Work to complete:
What are the lines below, starting at the line containing "Para a coleção" and ending at the line containing "Rare Veste en"? Write them out exactly, ends included, without pictures.
[Source data — start]
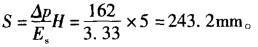 解析 软黏土层的压缩是由于地下水位下降引起有效应力增加,产生附加应力。在软黏土层顶面以下,该附加应力为一常量。 取A点,计算土的压缩模量为: 地下水位下降前,软黏土层顶面处的竖直方向的有效应力为:p0=∑y′ihi= 1.9×10×2 +(2.0-1)×10×18 =218kPa。 水位下降后,软黏土层顶面处竖直方向的有效应力为: p1=∑y′ihi=1.9×10×20 =380kPa; 因为地下水位下降引起的附加应力为:Δp=p1-p0=380-218 =162kPa; 在整个软黏土层内,该附加应力都是相同的。则软黏土的最终压缩量为:
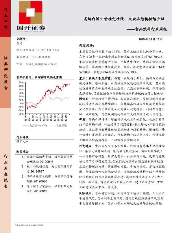 【国开证券】【20191015】20191015-国开证券-食品饮料行业周报:高端白酒业绩确定性强,大众品结构持续升级-9页
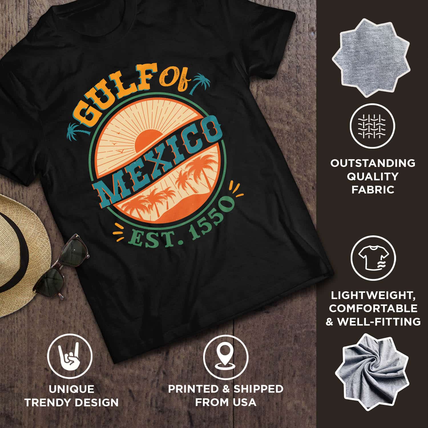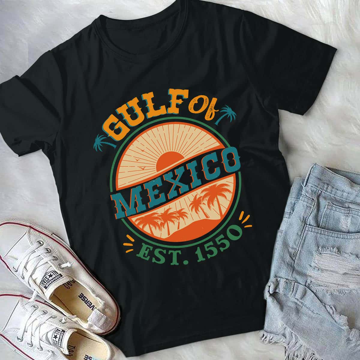 Gulf of Mexico Est 1550 Forever T-Shirt – Gulf of Mexico Palms Summer Holiday Vacation V-Neck Shirt
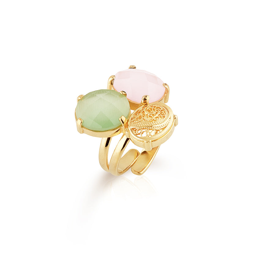 Para a coleção Aquarela, a Joalharia do Carmo apresenta peças onde a cor ganha vida através de pedras hidrotermais. Criadas em laboratório sob condições que reproduzem os processos naturais de formação geotérmica (alta pressão, temperatura e soluções aquosas ricas em minerais) estas gemas apresentam composição química, cor e propriedades ópticas idênticas às naturais, com qualidade controlada e uma harmonia cromática perfeita.
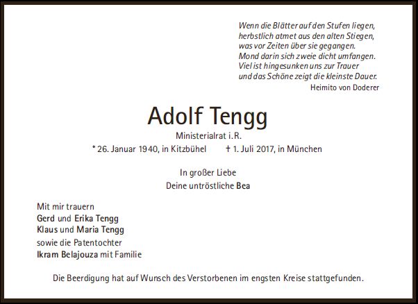 Die Beerdigung hat auf Wunsch des Verstorbenen in aller Stille stattgefunden.
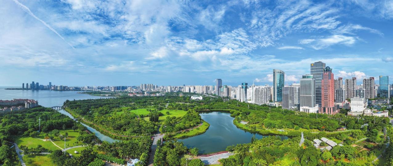 5月26日,俯瞰海口灣一帶,海碧天清,滿目蔥綠,一幅人與自然和諧共生的美好城市畫卷躍然眼前。
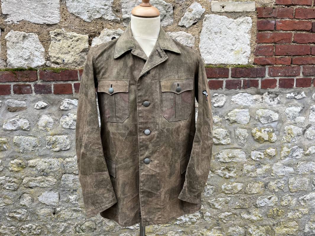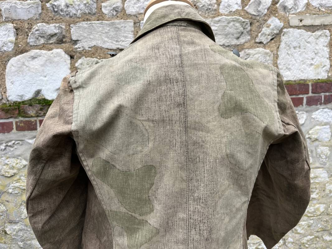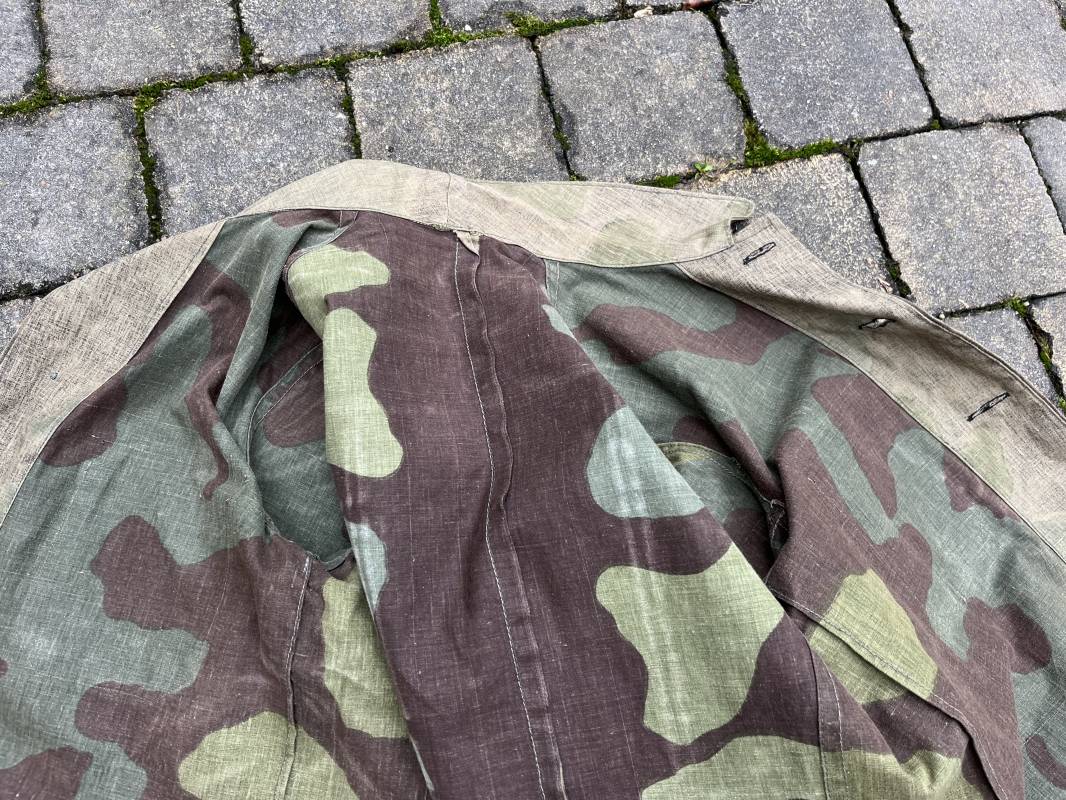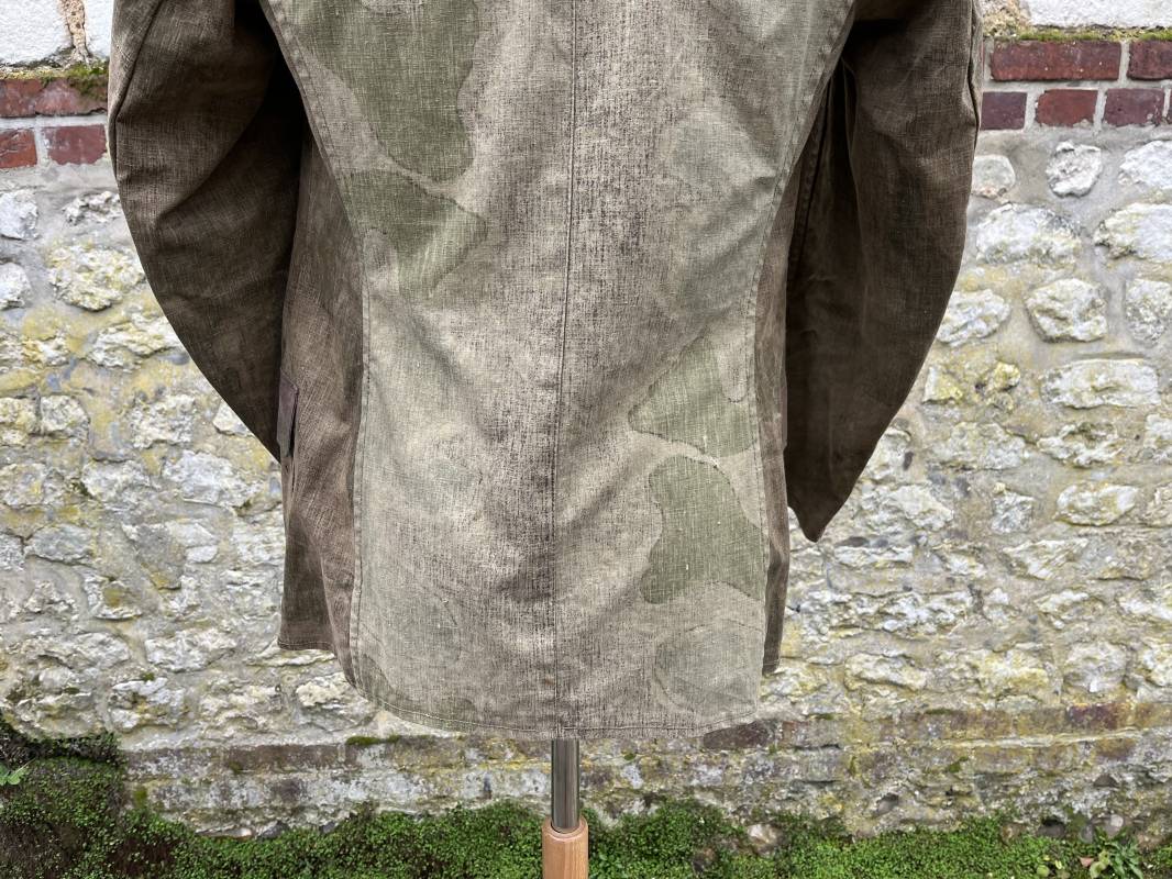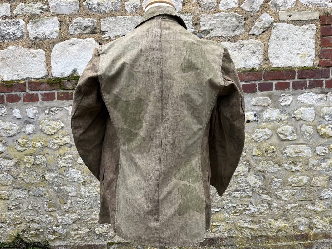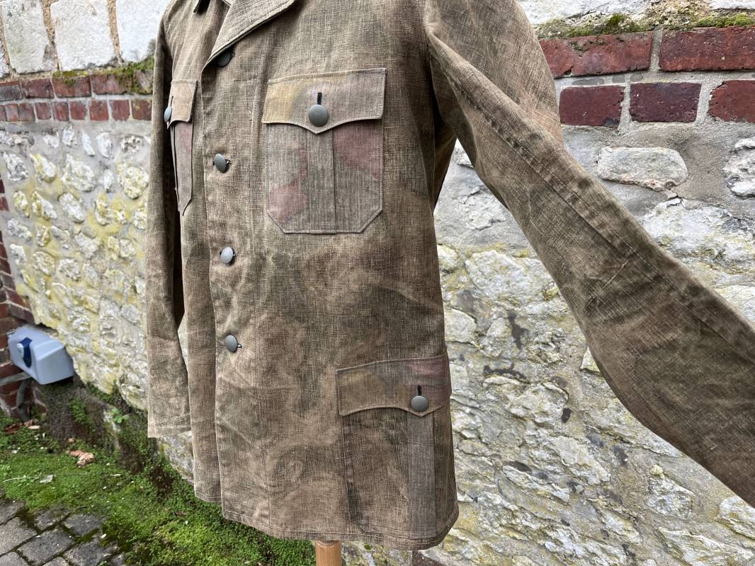 Rare Veste en toile de camouflage italien ( telo mimetico M1929) . Trés belle confection locale en toile camouflée . Montage avec fil vert . Veste Quatre poches a plis wateau , fermeture frontale à 6 boutons . Boutons métalliques grenelés peints en vert et cousus d origine . Col avec crochet metallique . Passants pour le port des epaulettes et boutons . Aigle de bras de modéle brodé coton gris , drap de fond noir , montage mains . Veste en parfait état . Légérement portée Largeur épaules 41 cm , longueur 76 cm , manches 61 cm . Veste typiques de unités de premières lignes de la W SS . Trés belle fabrication locale 1943/45 Ref 21550
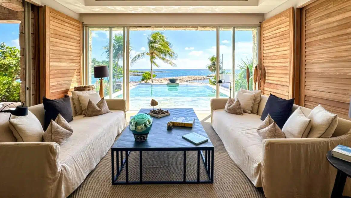 Every line, texture, and finish of Casa Caleta has been crafted to evoke calm and connection. The 900 m² (9,688 ft²) residence unfolds across open, light-filled spaces where natural stone, hand-finished marble, and tropical hardwoods form a seamless dialogue with the ocean beyond. Escudero’s signature tropical minimalism celebrates authenticity—each element chosen not for ornamentation, but for harmony.
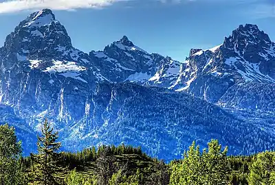 Mount Owen (12,933 feet (3,942 m)) is the second highest peak in the Teton Range, Grand Teton National Park in the U.S. state of Wyoming.[3] The peak is named after William O. Owen, who organized the first documented ascent of the Grand Teton in 1898.[4] Mount Owen is part of the Cathedral Group of high Teton peaks, a collection of peaks in the central section of the range that are particularly rugged. The 40-mile (64 km) long Teton Range is the youngest mountain chain in the Rocky Mountains, and began its uplift 9 million years ago, during the Miocene.[5] Several periods of glaciation have carved Mount Owen and the other peaks of the range into their current shapes.[4] Valhalla Canyon is situated on the west slopes of Mount Owen.
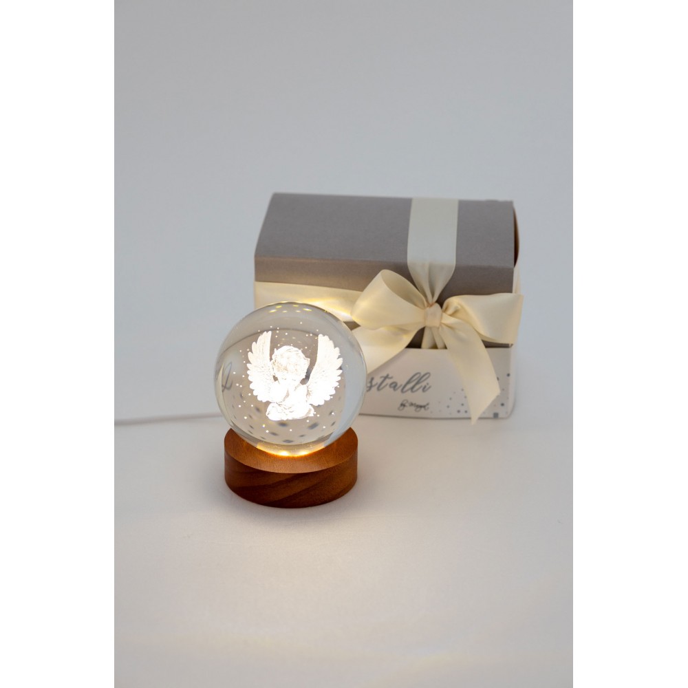 Sfera laser grande con soggetto angelo e base in legno, LED integrato.
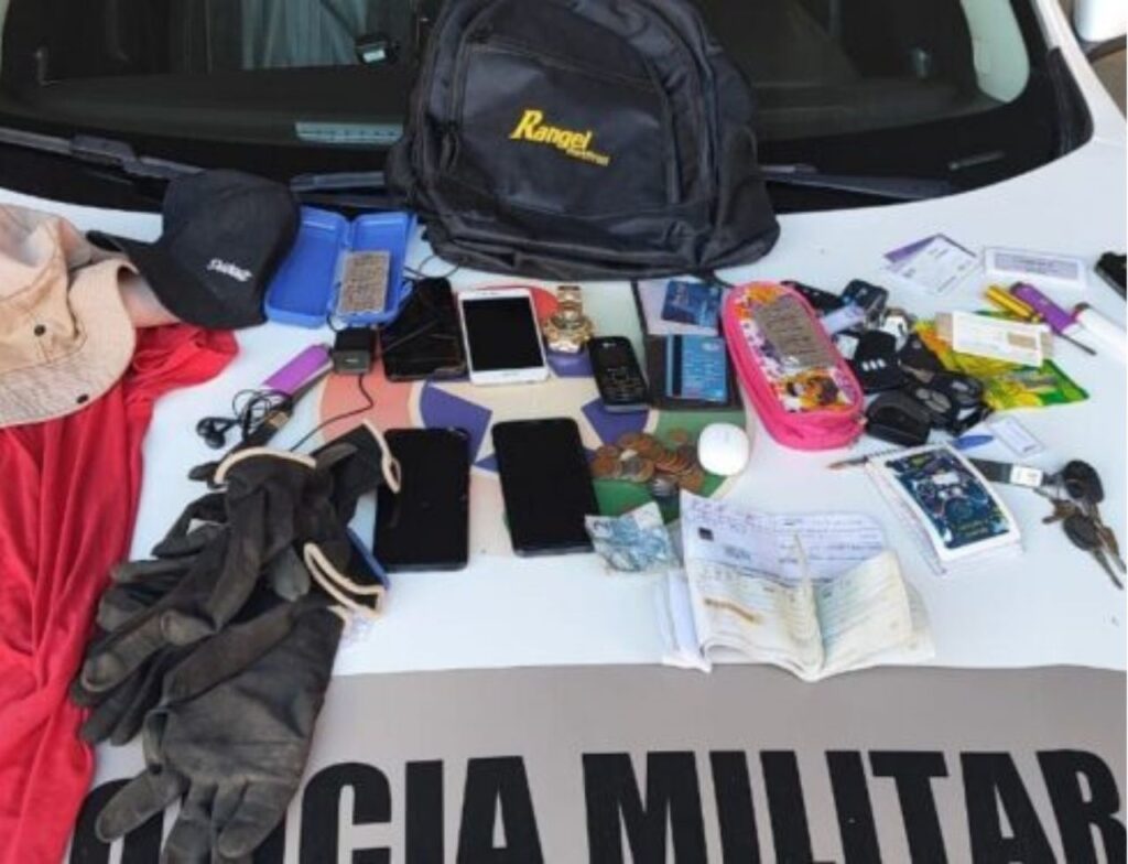 Nas buscas, a guarnição encontrou o veículo sendo conduzido por um homem já conhecido no meio policial, por ter efetuado diversos furtos na cidade. O suspeito tentou fugir da abordagem, mas foi contido pelos policiais militares. Foram recuperados o veículo Saveiro, vários objetos e a bicicleta que era produto de furto realizado durante a semana passada.
[Source data — finish]
Task result:
 Para a coleção Aquarela, a Joalharia do Carmo apresenta peças onde a cor ganha vida através de pedras hidrotermais. Criadas em laboratório sob condições que reproduzem os processos naturais de formação geotérmica (alta pressão, temperatura e soluções aquosas ricas em minerais) estas gemas apresentam composição química, cor e propriedades ópticas idênticas às naturais, com qualidade controlada e uma harmonia cromática perfeita.
 Die Beerdigung hat auf Wunsch des Verstorbenen in aller Stille stattgefunden.
 5月26日,俯瞰海口灣一帶,海碧天清,滿目蔥綠,一幅人與自然和諧共生的美好城市畫卷躍然眼前。
 Rare Veste en toile de camouflage italien ( telo mimetico M1929) . Trés belle confection locale en toile camouflée . Montage avec fil vert . Veste Quatre poches a plis wateau , fermeture frontale à 6 boutons . Boutons métalliques grenelés peints en vert et cousus d origine . Col avec crochet metallique . Passants pour le port des epaulettes et boutons . Aigle de bras de modéle brodé coton gris , drap de fond noir , montage mains . Veste en parfait état . Légérement portée Largeur épaules 41 cm , longueur 76 cm , manches 61 cm . Veste typiques de unités de premières lignes de la W SS . Trés belle fabrication locale 1943/45 Ref 21550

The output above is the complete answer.